When HaCaT cells were irradiated by UVB, nuclear factor kappa B (NF-κB) and mitogen-activated protein kinase (MAPK) pathways were activated. The transcription factor of NF-κB is a heterodimer composed of the subunits of p50/p65. NF-κB induces the expression of inflammatory factors such as IL-6 and TNF-α through a cascade reaction in vivo, resulting in skin inflammation [68]. Since it has been reported that 12-HHT inhibits UVB-induced IL-6 synthesis via the negative regulation of P38 MAPK and the subsequent suppression of NF-κB activity [8]. MAPK belongs to the family of serine and tyrosine kinase, including extracellular signal-regulated kinase (ERK), c-Jun N-terminal kinase (JNK), and P38 MAPK, which are involved in cell multiplication, differentiation, apoptosis, and inflammation [8, 9]. In various cell apoptosis, overexpressed ceramides (Cers) may provoke apoptosis by directly participating in ROS generation through the modulation of MAPK signaling pathways [1012]. These cascades of biochemical alterations ultimately lead to cells’ death by diverse mechanisms, including B-cell lymphoma-2 (Bcl-2) depletion, Bcl-2-associated X protein (Bax) increase, and caspase-3 activation [9].
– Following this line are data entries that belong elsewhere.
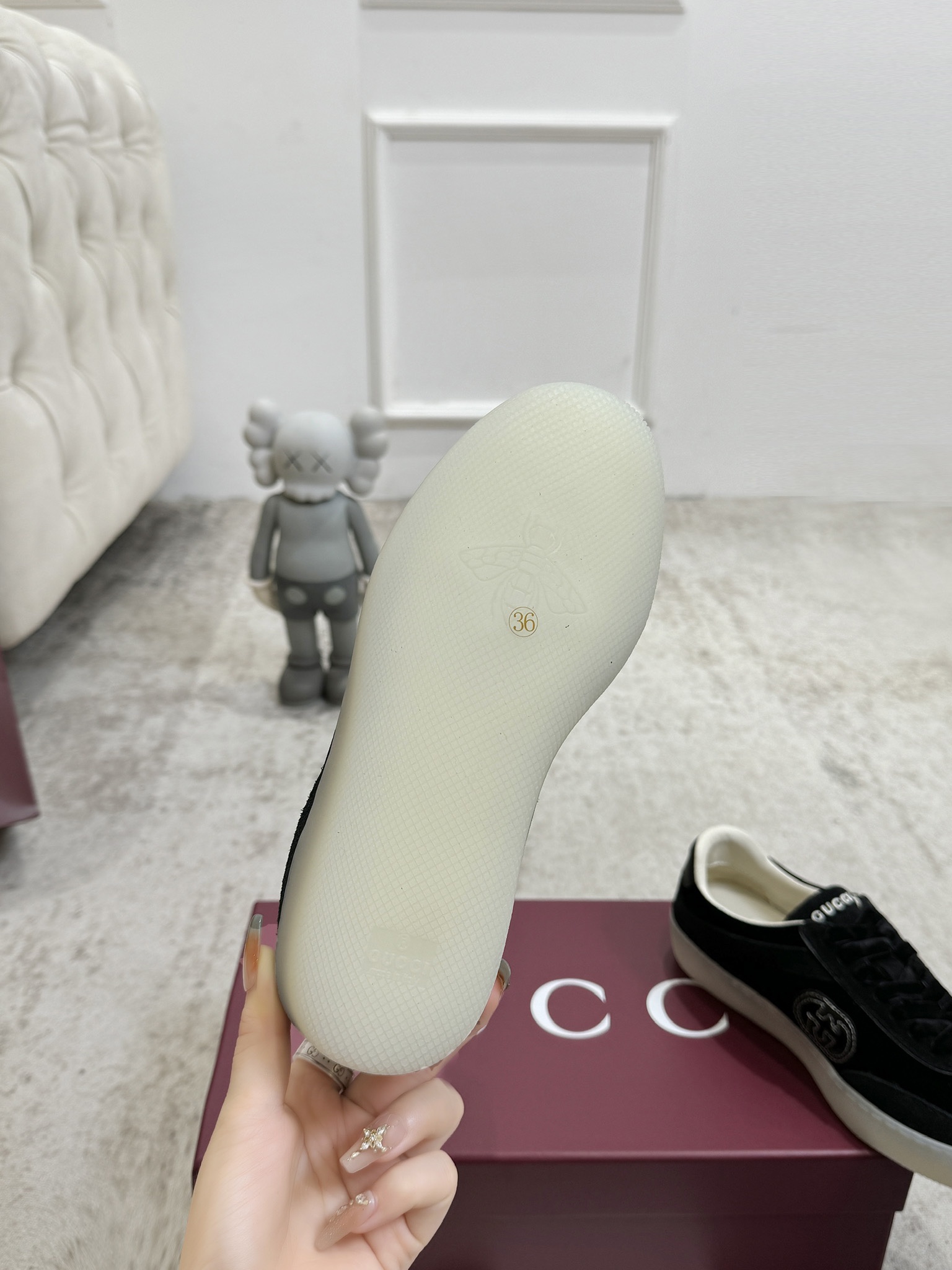 This shoes is AAAAA 1:1 quality (superb). Materials used are identical to the original ones. Gucci trademark marks are indistinguishable to the authentic. Photos take by actual shoes, what you receive will be 100% same with our photos.
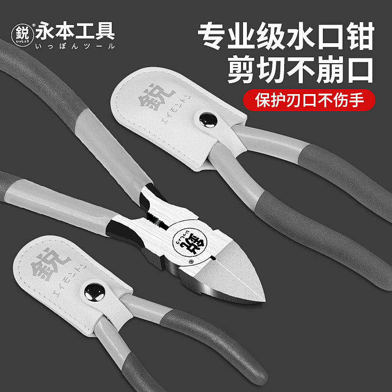 淘宝日本永本水口钳子铬钒钢8寸偏口钳高达模型剪5寸3D电子剪钳斜口钳
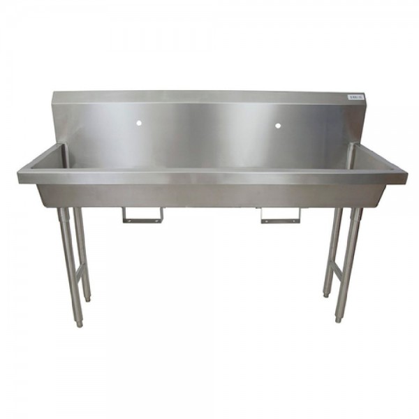 BK Resources MSHS-60F1B Two Station Handwash Sink Freestanding (2) Single Hole Splash Mount Faucet Holes
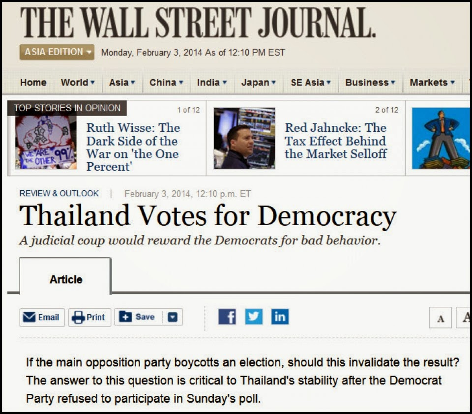 ตีพิมพ์บทบรรณาการในฉบับวันที่ 3 กุมภาพันธ์ เรื่อง "Thailand votes for
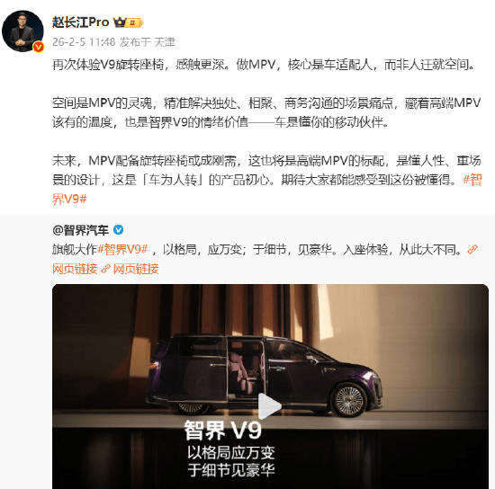 在高端MPV市場,空間設計與用戶需求的契合度正成為競爭焦點。智界汽車執行董事趙長江近日公開表示,MPV的核心設計理念應是“車適配人”,而非讓用戶被動適應空間布局。他強調,真正的高端MPV需要精準解決獨處、社交、商務等多元場景下的使用痛點,通過空間設計傳遞情感價值。
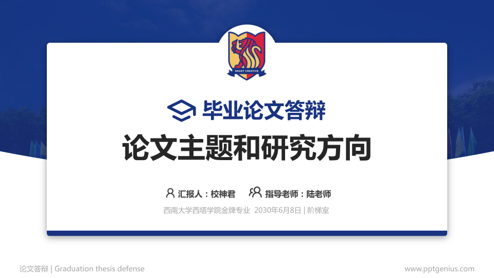 这是论文答辩,封面、校徽、主题色都与该学校相匹配,购买并下载后您可以任意修改主题配色、修改每一页PPT内容和母版内容,同时您可以通过论文答辩、西南大学西塔学院 ppt模板、ppt模板等关键词找到这套模板。
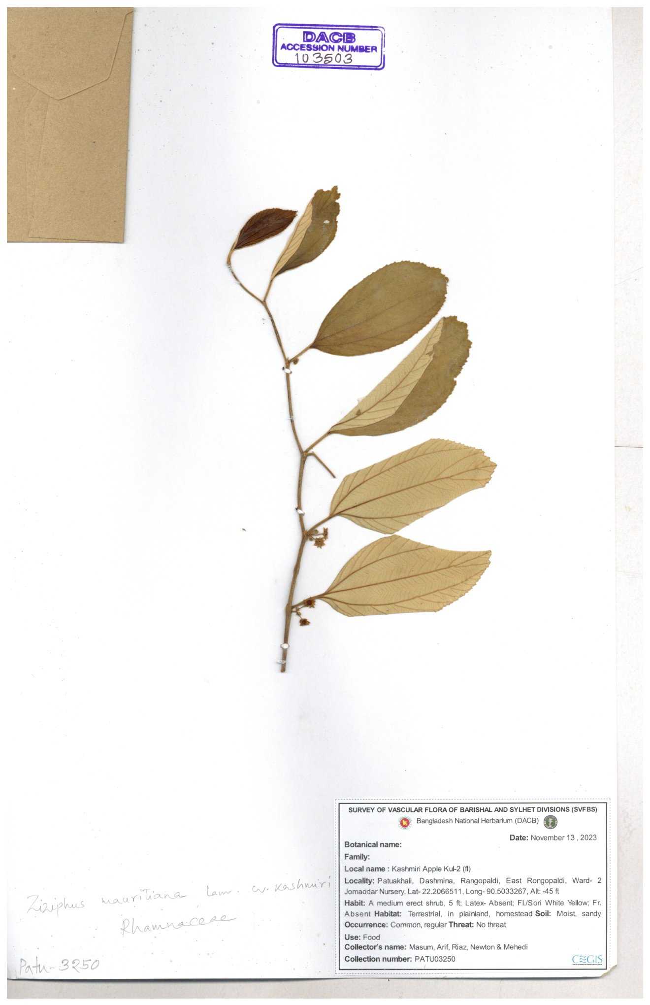 | 47707 | Rhamnaceae | Ziziphus jujuba | Khandakar Kamrul Islam | KKI-1541 12-11-2017 |
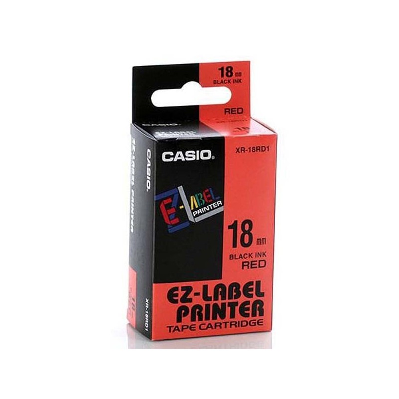 Casio originál páska do tlačiarne štítkov, Casio, XR-18RD1, čierny tlač/červený podklad, nelaminovaná, 8m, 18mm
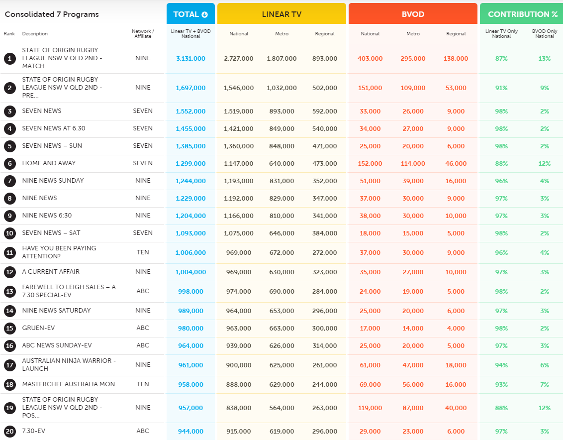 在前20名的节目中,Nine有9个节目进入前20名,其中Nine News占据4个席位,《Origin State》对第二款游戏的报道占据3个席位,《澳大利亚忍者战士》发布占据1个席位,《A Current Affair》占据1个席位。
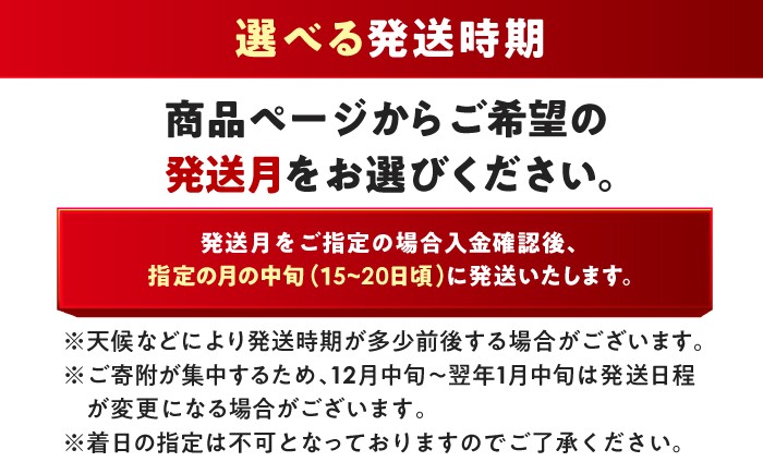 通常発送:入金確認後、約2週間で発送いたします。 発送月指定:指定月の中旬(15-20日頃)に発送いたします。 ※ご寄附が集中するため、12月中旬~翌年1月中旬は発送日程が変更になる場合がございます。 ※着日指定は、お受けできませんので予めご了承ください。 |
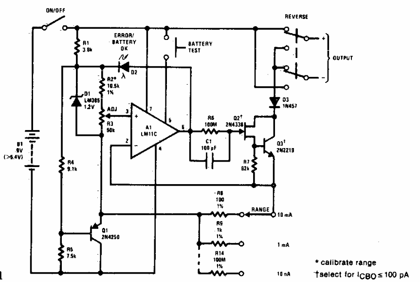 Este circuito de precisão para testes de bancada pode fornecer correntes em escalas de 10 uA a 10 mA. O circuito é de uma documentação dos anos 80. Os componentes são da época.
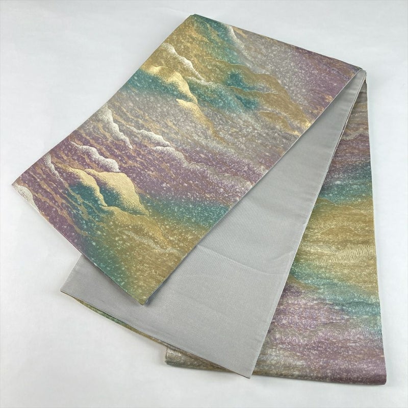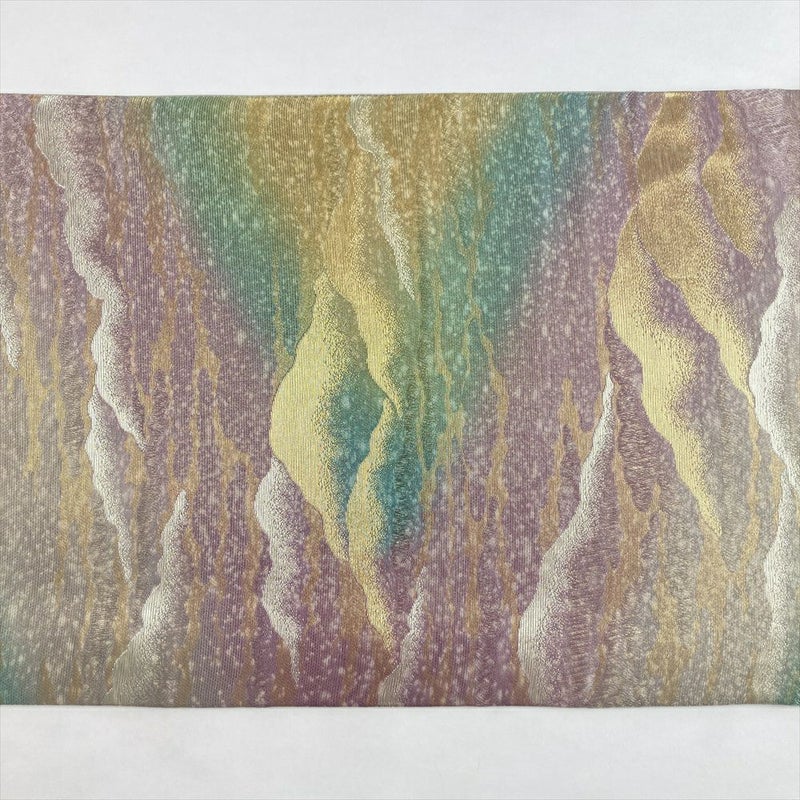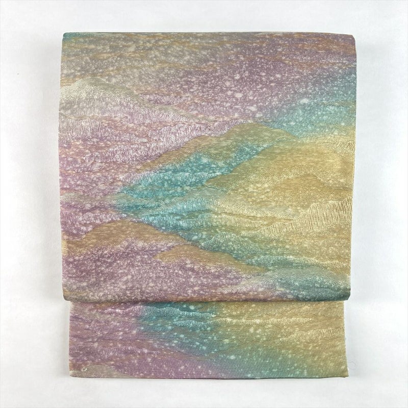 (中古)袋帯 紫 緑 黄 マルチカラー セミフォーマル 全通 織り 霞 山並み 絹
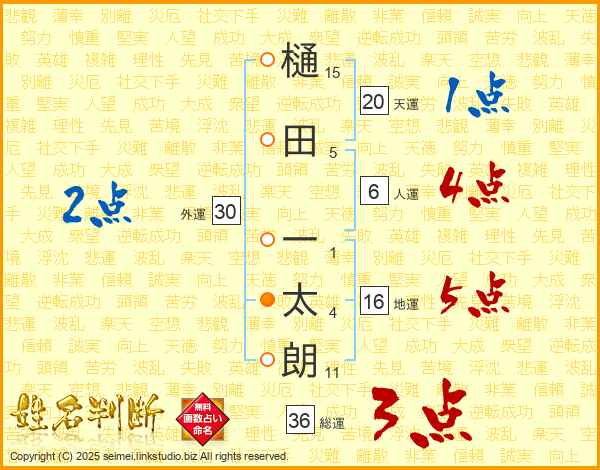 樋(15画)田(5画) 一(1画)太(4画)朗(11画)

Alpha-mangostin (α-MG) is a major xanthone compound widely found in mangosteen pericarp [13]. It was confirmed to possess various bioactive functions including anti-inflammatory, antiapoptosis, anticancer, and antioxidant effects [1416], and it has also been identified as an inhibitor of acid sphingomyelinase (ASM) [17]. ASM, which hydrolyzes sphingomyelin (SM) to Cers and phosphorycholine, is considered to be a key target of Cer production upon UV irradiation [18, 19]. α-MG improves endothelial dysfunction in diabetic mice through the inhibition of Cer [20]. Cers are important structural components of the epidermis, which plays a key role in maintaining homeostasis of the human body [20]. In addition, Cers also act as an active second messenger, regulate keratinocyte proliferation and differentiation, and enhance proinflammatory cytokines production [21]. Although study has shown that α-MG has an antiphotoaging effect [22], mechanisms of α-MG in protecting the skin from UVB damage still lack in-depth study. Therefore, we committed to studying the protective effect of α-MG for HaCaT cells against UVB irradiation and its potential molecular mechanism. This study aimed to provide both a theoretical and experimental basis for the development and application of α-MG; thereupon, a ceramide that is a prominent manifestation in the process of photoaging is disclosed.

2. Materials and Methods

2.1. Materials and Reagents

α-MG (purity: HLPC ≥98%) (IM0500) and the IL-6 ELISA kit (SEKH-0013) were purchased from Solarbio (Beijing, China). The annexinV-FITC apoptosis assay kit was obtained from UE (T6013L, Suzhou, China). The reverse transcription kit was purchased from YEASEN (11150ES60, Shanghai, China), and Eastep™ qPCR Master Mix (2X) was purchased from Promega (LS2062, Beijing, China). The bicinchoninic acid (BCA) protein assay kit was provided by CWBIO (CW0014, Beijing, China). Chloroform was of HPLC grade and was obtained from Honeywell (AH049-4, Morris Tow., USA). Methanol was of HPLC grade and was purchased from Fisher chemical (A452-4, Shanghai, China). Ammonium hydroxide solution was provided by Sigma-Aldrich (05002-1L, Missouri, USA). The UVB source employed is a Sigma SH4B light therapy device (Shanghai SIGMA High-tech Co., Ltd., Shanghai, China), with wavelength ranging between 311 and 313 nm and having a peak wavelength of 313 nm.

2.2. Cell Culture

The HaCaT cells (CL-0090, Procell) were cultured in Dulbecco’s modified eagle medium (DMEM) (Gibco, USA) supplemented with 10% fetal bovine serum (FBS, Biological Industries, Israel) and 1% penicillin-streptomycin (Gibco, USA) at 37°C in a humidified atmosphere aerated with 5% of CO2.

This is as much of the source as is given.